__Description of the task__
Would you return the listing exactly as written, apart from its pictures?
▬▬▬▬▬▬▬▬▬▬
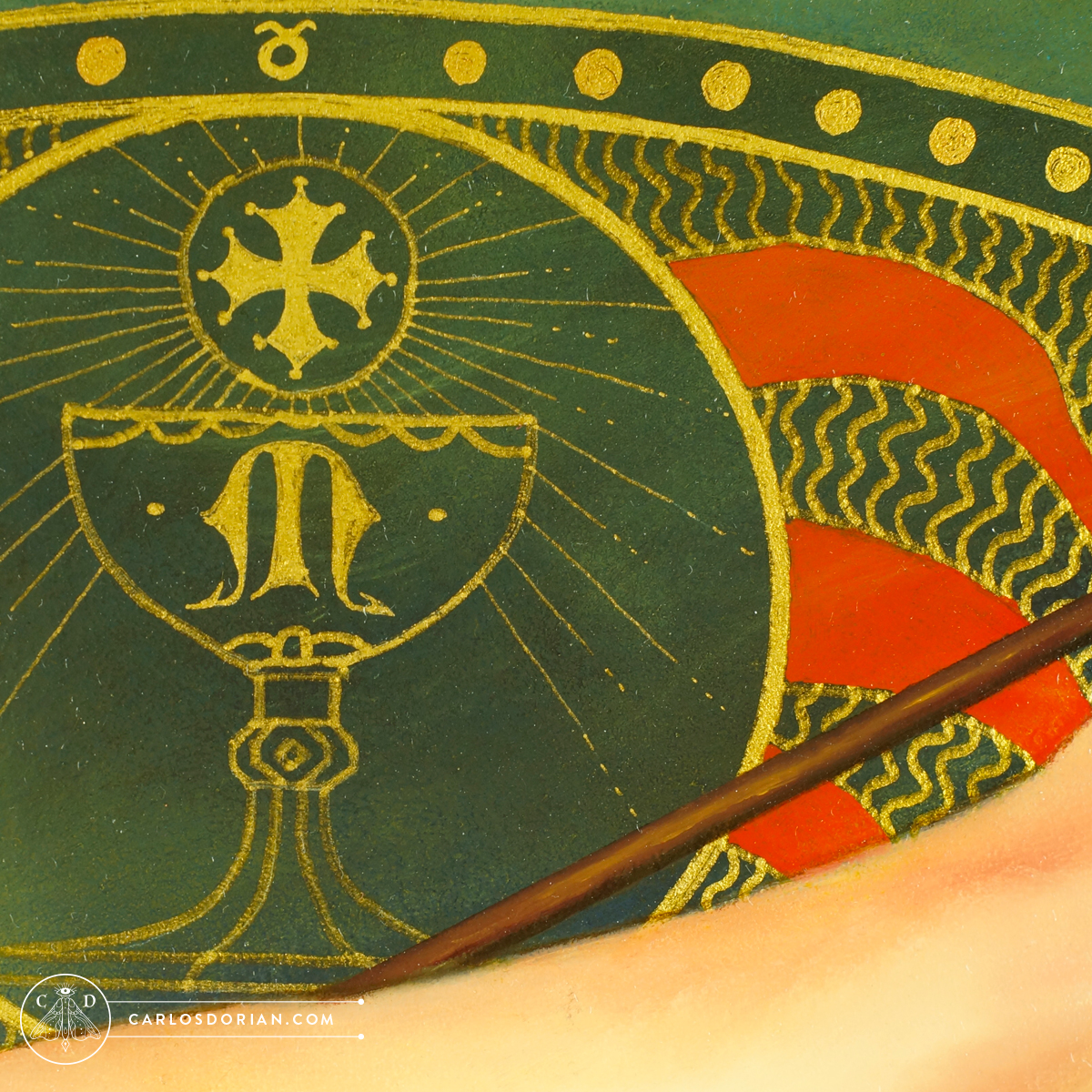 Features: Holy Grail, Swan and circle painted in gold paint. Halo made in gold foil and aged. Finished with protective gloss varnish. Comes with a Certificate of Authenticity and signed by the artist
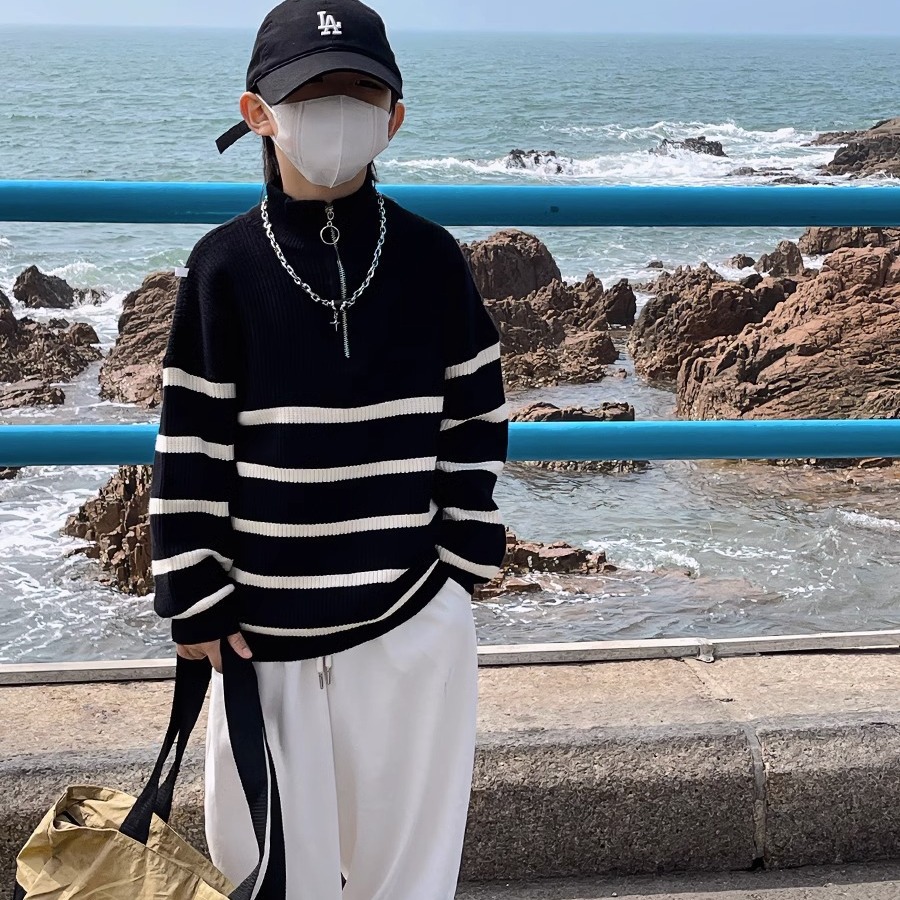| nameOriginal | Boys' sweater autumn children's knitted sweater medium and small boys baby boys' striped bottoming shirt 2024 New Western style fashion |
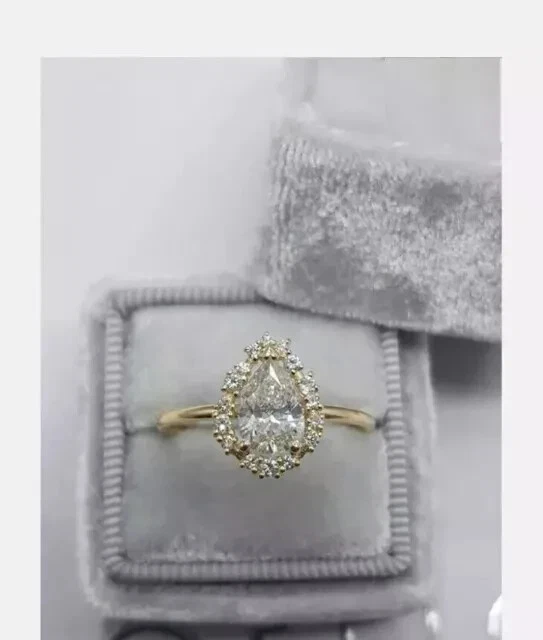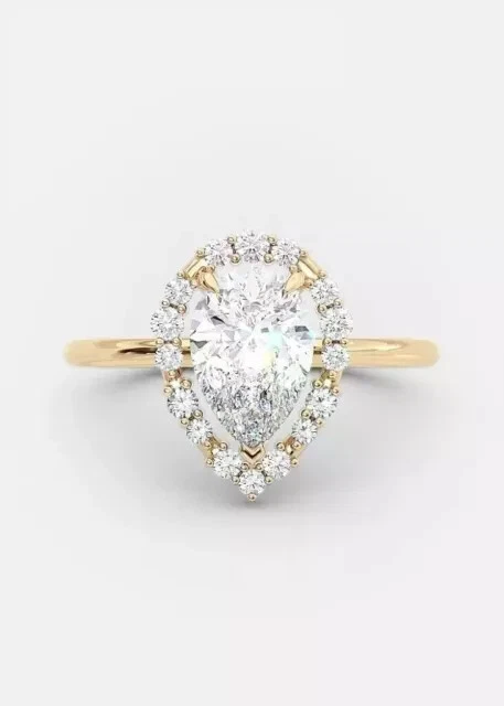 3Ct Pear Cut Simulated Diamond Halo Engagement Ring 14K Yellow Gold Plated
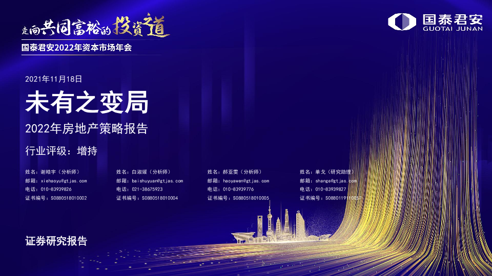【国泰君安证券】【20211118】2022年房地产策略报告:未有之变局-26页
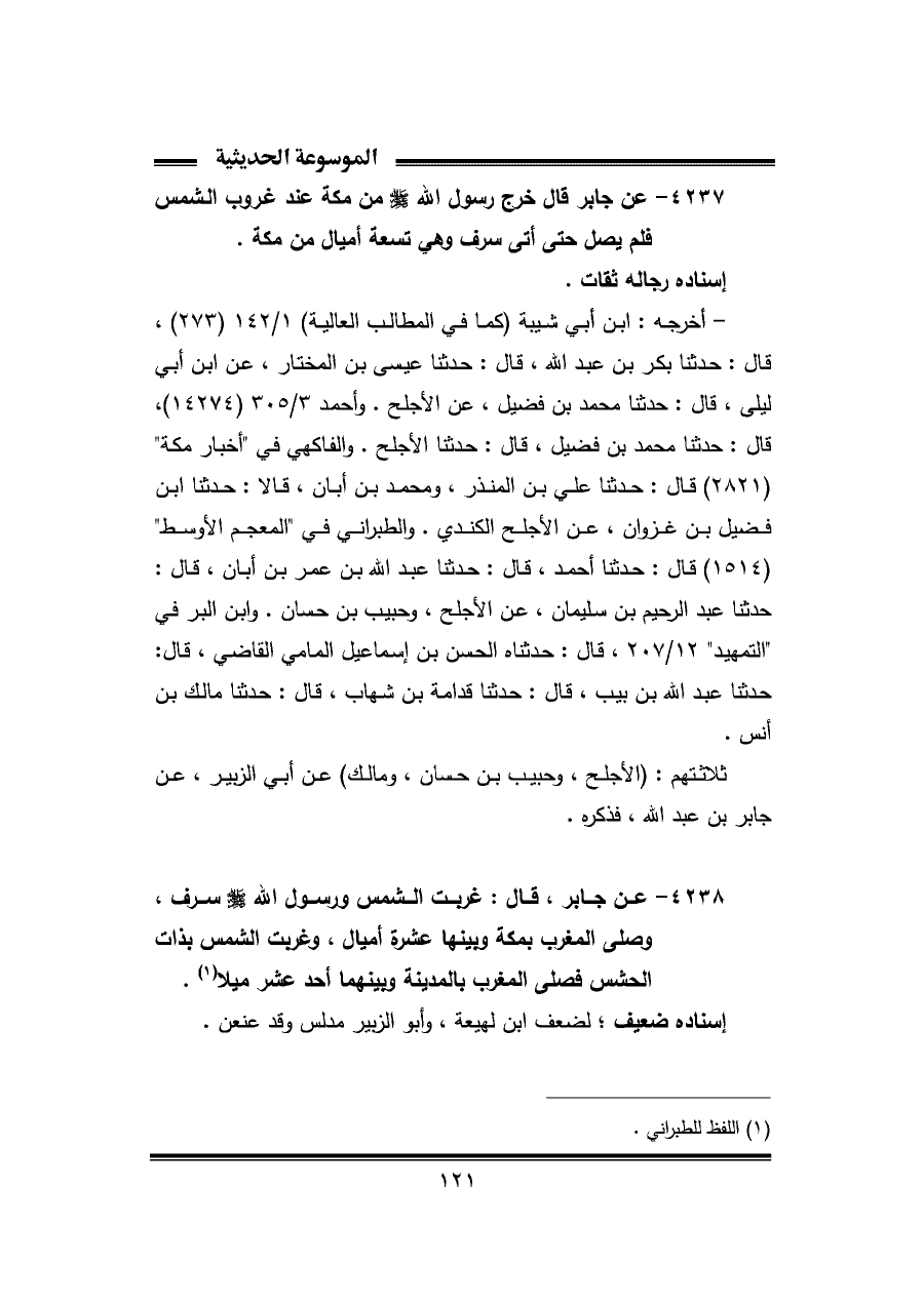 ٤٢٣٨ - عن جابر، قال: غربت الشمس ورسول الله -صَلَّى اللهُ عَلَيْهِ وَسَلَّمَ- سرف، وصلى المغرب بمكة وبينها عشرة أميال، وغربت الشمس بذات الحشس فصلى المغرب بالمدينة وبينهما أحد عشر ميلا (¬١).
▬▬▬▬▬▬▬▬▬▬
__Response for this exercise__
 Features: Holy Grail, Swan and circle painted in gold paint. Halo made in gold foil and aged. Finished with protective gloss varnish. Comes with a Certificate of Authenticity and signed by the artist
| nameOriginal | Boys' sweater autumn children's knitted sweater medium and small boys baby boys' striped bottoming shirt 2024 New Western style fashion |
 3Ct Pear Cut Simulated Diamond Halo Engagement Ring 14K Yellow Gold Plated
【国泰君安证券】【20211118】2022年房地产策略报告:未有之变局-26页
 ٤٢٣٨ - عن جابر، قال: غربت الشمس ورسول الله -صَلَّى اللهُ عَلَيْهِ وَسَلَّمَ- سرف، وصلى المغرب بمكة وبينها عشرة أميال، وغربت الشمس بذات الحشس فصلى المغرب بالمدينة وبينهما أحد عشر ميلا (¬١).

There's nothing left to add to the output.